Parkinson disease (PD) is one of the most common neurodegenerative diseases. Globally, approximately 2% of people over age 60 year and 4% of people over age 80 years are affected by PD.1 Much research has been conducted to explore possible PD risk factors and protective factors.2–5 Among the possible risk factors, different designs have been used to extensively study the consumption of well water, and many studies report that the use of well water may increase the risk of PD,6–11 however, other studies have observed a reverse correlation or no correlation.12–15 Thus it remains unclear whether there is a causal relationship between well-water consumption and PD risk.16

Existing studies have proved pathologically that there is a positive correlation between PD and some substances in pesticides (such as Rotenone). Therefore, we speculate that the pathological basis for well water to cause PD could be that it functions as a medium of pesticides and other harmful substances. However, the content of various substances in the well water may be affected by factors such as the differences in the geographical environment. This is cause disparities in conclusions.

To clarify this issue, we conducted a meta-analysis of published observational studies. After careful review, a total of 15 case–control-designed studies included data suitable for our meta-analysis, most of which are from Asia, Europe and North America. The included studies were all case–control studies. Participants comprised patients with PD and controls without PD. We investigated whether there was a difference in the exposure ratio of using well water as drinking water between the two groups to determine whether there is a connection between drinking well water and PD.

Materials and Methods

Search Strategy

We identified eligible studies in this systematic review and meta-analysis by conducting a search of the PubMed, EBSCO, EMBASE and Cochrane databases to October 2021. We used the search terms (well-water drinking OR well-water consumption OR well water OR rural life OR country life) AND (Parkinson’s disease OR Parkinson’s OR Parkinson disease OR Parkinson).

Inclusion Criteria

We adopted the following inclusion criteria: (1) case–control design; (2) average age of participants more than 40 years; (3) diagnosis of clinically probable or possible PD if patients met the following criteria: 1) manifestation of at least two of the following symptoms: resting tremor, bradykinesia, or cogwheel rigidity; 2) no suggestion of parkinsonian syndrome owing to trauma, brain tumor, infection, cerebrovascular disease, other known neurologic disease, or treatment with dopamine-blocking or dopamine-depleting agents; 3) no atypical features such as prominent oculomotor palsy, cerebellar signs, vocal cord paresis, severe orthostatic hypotension, pyramidal signs, amyotrophy, or limb apraxia; 4) asymmetric onset; and 5) if treatment with levodopa had been initiated, symptomatic improvement after treatment. (4) sufficient data to calculate odd ratio[OR] with corresponding 95% confidence interval [CIs]; and (5) the language used is English.

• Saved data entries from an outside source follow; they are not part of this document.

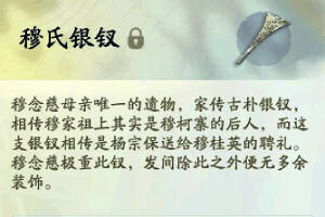 又譬如穆念慈发上的穆氏银钗,来自于家传,传说中是杨宗保送给穆桂英的聘礼,因此穆念慈极为珍视,是她发间唯一的装饰。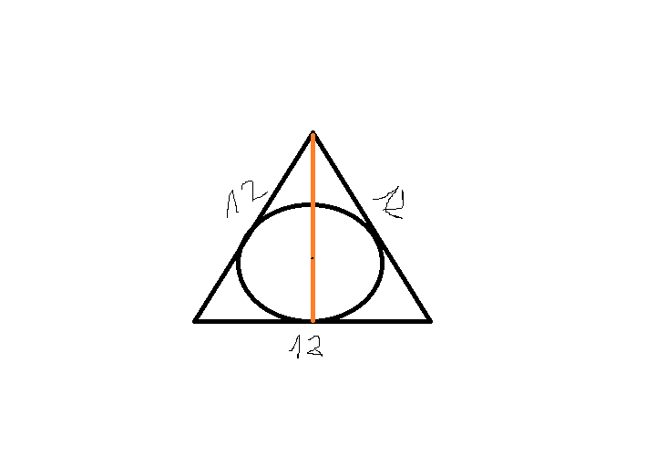 32. Oblicz promień i pole koła wpisanego w trójkąt równoboczny o boku 12 cm.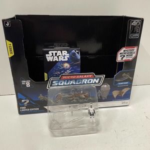 Experience the thrill of the galaxy with this STAR WARS Micro Galaxy Squadron Mystery Series 4 Biker Scout Speeder Bike Endor action figure set. Join forces with the Biker Scout Trooper as he rides into battle on his motorbike and take on the Empire's toughest foes. The ABS plastic and plastic construction of the figure stand, mixed lot, and mask/helmet ensure durability, while the miniature size and boxed packaging make this a collector's dream.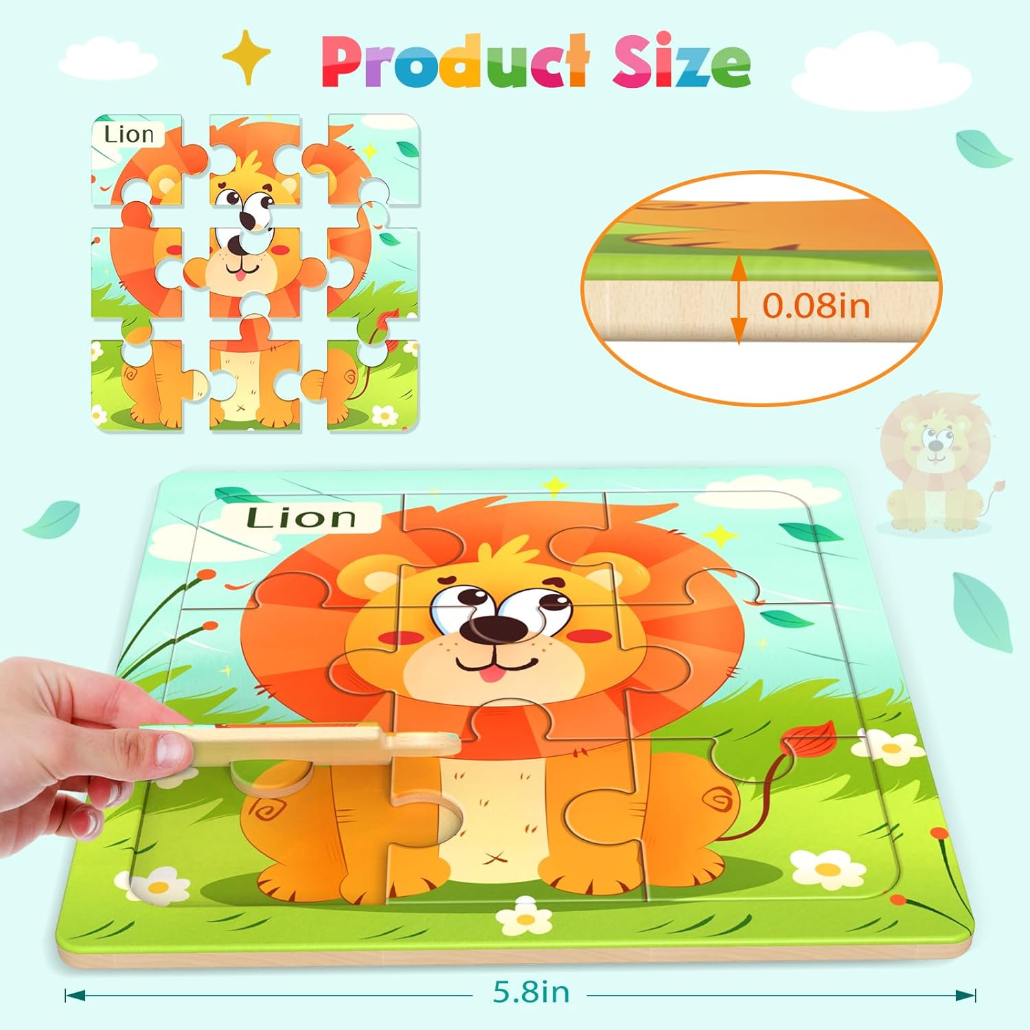 Wooden Puzzles for Toddlers, 8 Pack Animal Jigsaw Puzzles for Kids3-5, 9 Pieces Preschool Learning Activities, Learning & Educational Toys, Gift for Boys, Girls

We excluded studies for the following reasons: (1) unable to extract valid outcome data from the report; (2) more than one report based on the same study population published, in which case only the most comprehensive publication was included in this meta-analysis; (3) unable to obtain the full text; (4) the sample size was too large or too small (sample size less than 60 or more than 10,000); studies with a very large sample size were analyzed separately.

Data Extraction and Assessment of Methodological Quality

Data extraction and research quality assessment were conducted by the same reviewer. The following data were extracted: first author’s last name, year of publication, country, study design, sample size, years of exposure, method of exposure assessment (in-person interview, phone interview, and self-administered questionnaire), matching factors and covariates for adjustment, and risk estimates with corresponding 95% CIs. The quality of included studies was assessed using the Newcastle–Ottawa Scale (NOS). The NOS yields results from zero to nine stars. When the study obtains more than six stars, it is considered to be of relatively high quality. Otherwise, it is considered to have relatively low quality.

Statistical Analysis

All statistical analyses were performed using Stata software (StataCorp LLC, College Station, TX, USA). The adjusted OR for the study was extracted for the meta-analysis; however, when unavailable, raw data were used. A random-effects model to combine the heterogeneity within and between studies was used to aggregate risk estimates. The statistical heterogeneity between the studies was evaluated using the Q statistic and the I-square statistic. For the Q statistic, p > 0.1 was considered statistically unimportant. For the I-square statistic, I-square < 50% was considered statistically unimportant.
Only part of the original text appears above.